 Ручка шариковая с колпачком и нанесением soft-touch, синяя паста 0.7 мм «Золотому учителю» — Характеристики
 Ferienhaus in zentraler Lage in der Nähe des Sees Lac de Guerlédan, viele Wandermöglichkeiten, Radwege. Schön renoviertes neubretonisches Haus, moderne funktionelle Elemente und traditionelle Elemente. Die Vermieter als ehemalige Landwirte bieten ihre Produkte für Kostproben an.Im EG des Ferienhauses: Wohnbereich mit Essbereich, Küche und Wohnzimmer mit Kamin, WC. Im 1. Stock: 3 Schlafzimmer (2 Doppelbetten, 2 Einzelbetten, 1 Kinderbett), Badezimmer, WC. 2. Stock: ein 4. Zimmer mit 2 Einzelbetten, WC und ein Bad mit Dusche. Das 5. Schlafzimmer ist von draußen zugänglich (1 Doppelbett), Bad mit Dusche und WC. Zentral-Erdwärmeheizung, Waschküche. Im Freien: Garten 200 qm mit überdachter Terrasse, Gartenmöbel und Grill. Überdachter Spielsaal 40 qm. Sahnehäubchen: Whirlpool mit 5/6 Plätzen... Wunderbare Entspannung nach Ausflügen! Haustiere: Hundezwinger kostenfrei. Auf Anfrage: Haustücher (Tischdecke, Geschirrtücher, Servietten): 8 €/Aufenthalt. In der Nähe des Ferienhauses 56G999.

..............................

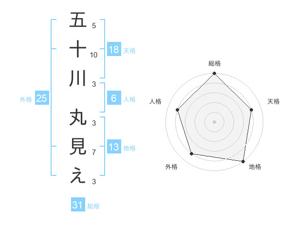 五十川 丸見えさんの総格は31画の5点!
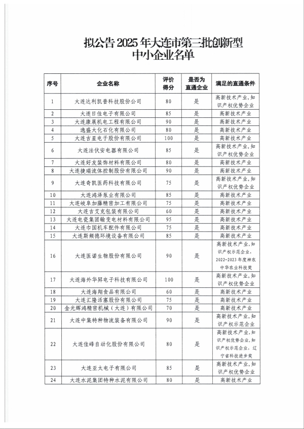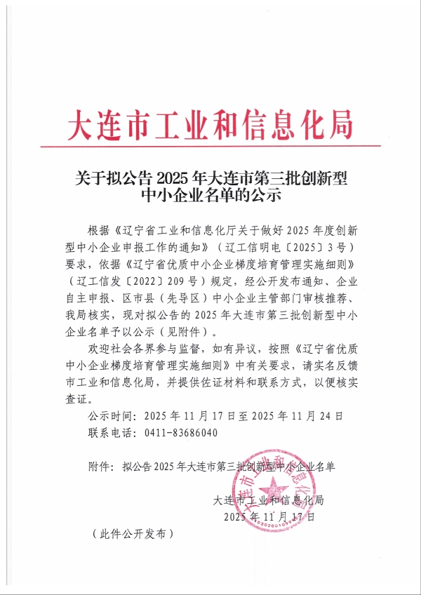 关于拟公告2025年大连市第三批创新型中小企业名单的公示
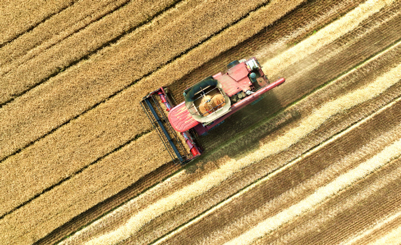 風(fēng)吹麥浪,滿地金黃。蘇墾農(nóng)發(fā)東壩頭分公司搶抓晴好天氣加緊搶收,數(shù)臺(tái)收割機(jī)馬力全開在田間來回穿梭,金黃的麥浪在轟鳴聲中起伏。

..............................

Required action —
What to print is the stretch of entries from the line with "五十川 丸見えさんの総格は31画の5点!" up to and including the line with "風(fēng)吹麥浪,滿地金". Please print it exactly and leave out the pictures.

Task solution —
 五十川 丸見えさんの総格は31画の5点!
 关于拟公告2025年大连市第三批创新型中小企业名单的公示
 風(fēng)吹麥浪,滿地金黃。蘇墾農(nóng)發(fā)東壩頭分公司搶抓晴好天氣加緊搶收,數(shù)臺(tái)收割機(jī)馬力全開在田間來回穿梭,金黃的麥浪在轟鳴聲中起伏。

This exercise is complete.